Research

Dynamics of aperiodic elastic lattices

Aperiodic structures are organized, deterministic systems that are not periodic. These systems present attractive architectures for material design due to their compelling localized dynamics and structural properties which differ from their fully periodic or amorphous counterparts. Our group investigates these features by designing non-Euclidean and non-integer dimensional structures, such as hyperbolic and fractal lattices. Through theoretical and experimental investigations, we uncover novel passive localized wave phenomena owing to the unique architectural arrangements of these structures. Notable features include frequency-dependent localized wave propagation in hyperbolic lattices, which are preserved in the conformal mapping of these structures to beam-like domains. In fractal lattices, fractal spectral properties are observed with predictable spectral changes from lattice impurities which lead to fractal mode localization in space. This work ushers in a novel class of elastic metamaterials with highly localized states suitable for advanced wave control and vibration isolation.

Wave propagation through curved domains

This project advances our understanding of wave propagation in curved, thin elastic structures to enable the design of a new class of acoustic lenses and waveguides. Dynamic curvature reconfiguration is explored to induce a diversity of desired wave properties such as guiding, collimation, focusing and steering. Previously, gradient index materials produced by spatial variations of physical properties have received significant attention in optics and acoustics.

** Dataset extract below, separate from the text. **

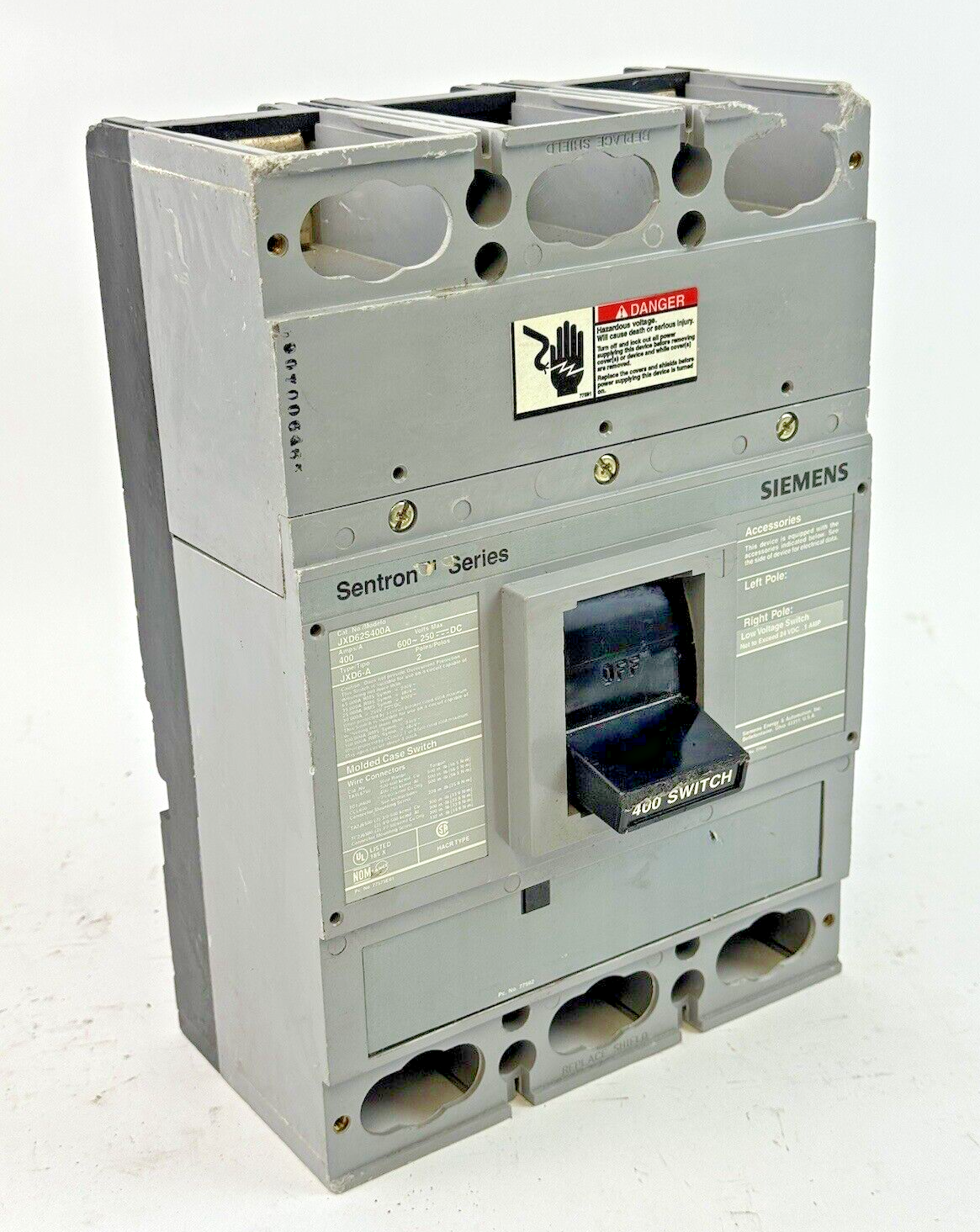 SIEMENS - JXD62S400A - MOLDED CASE SWITCH WITH A01JLDLV LOW VOLT AUXILIARY SWITCH - 2 POLE / 400 A / 600 VAC

Exploiting curved geometries broadens the design space while enabling advantages for reconfigurable acoustic devices otherwise unachievable. The key idea is that acoustic waves on thin shells tend to follow surface geodesics - curves on a surface that are locally the shortest paths between points - and that these geodesics diverge and converge according to the surface's intrinsic curvature. Our overarching objective is achieved via three aims that tightly integrate theory, design, fabrication, and characterization: 1) Understanding geometric lensing of acoustic waves on curved surfaces. 2) Designing acoustic waveguides for geometric lensing. 3) Reconfiguring shells to enable adaptive wave propagation.

Cranial Lamb waves for skull and brain diagnostics and therapy

Due to its morphological nature, the human skull exhibits a waveguide-like behavior that supports a Lamb wave motion similar to that observed in multilayered orthotropic plates. While the skull presents a barrier to pressure waves used in focused ultrasound (FUS) based treatments, which are usually limited to central regions of the brain, waves that exploit the quasi-bidimensional structure of the cranial bone can possibly create new treatment options for neurological conditions, especially at the brain periphery. In addition, they provide a non-invasive diagnostic tool for the skull that can overcome typical drawbacks of FUS such as local bone heating. Our research group theoretically and experimentally investigates the nature and characteristics of cranial Lamb waves with the aim to exploit their inherent dispersive features for various diagnostic and therapeutic applications. These include the mechanical characterization of the cranial bone and sutures, and the implementation of new transducer setups for enhanced intracranial ultrasound delivery which leverage Lamb mode conversion within the skull to achieve better spatial resolution and target small regions of the brain. 

Dynamics of quasiperiodic and quasicrystalline elastic metamaterials

Metamaterials are man-made artificial materials based on particular arrangements and combinations of known materials that produce unique properties not encountered in it鈥檚 individual constituents. While the vast majority of metamaterials are based on periodic designs based on a repeating unit cell, our group is currently investigating quasiperiodic and quasicrystalline metamaterials that break the periodicity paradigm. The first category is based on modulations of the properties of inclusions, such as point masses, springs, resonators or stiffeners, that are given by a deterministic non-periodic pattern. In the second case, quasicrystalline materials may exhibit symmetries which are not possible to obtain in periodic materials, such as 5,7 ,8 and 10-fold rotational symmetries. The investigation of the dynamics of such materials reveals intriguing properties such as topological bandgaps and localized vibration modes that can be manipulated by a few key parameters, and wave directionalities enabled by higher order rotational symmetries that expand the behavior known to be possible in periodic metamaterials.

Fundamental mechanisms of distributed bleed flow control over an aeroelastic wing

Flow-controlled, variable aerodynamic load distributions effected in flight by interactions between wing surfaces and the embedding flow that are regulated by surface-integrated distributed active bleed can enable a new class of adaptive, lightweight, agile, highly-deformable wings. The use of bleed actuation for aeroelastic control is new, and represents a significant departure from earlier approaches that have relied on direct mechanical deformation of the lifting surfaces or on moving control surfaces.  Our current efforts focus on the fundamental mechanisms of the coupled fluid-structure interactions between the bleed actuation and the flow over static and dynamic flexible wings. Additionally, applications of distributed bleed flow control are examined when applied to vibration control.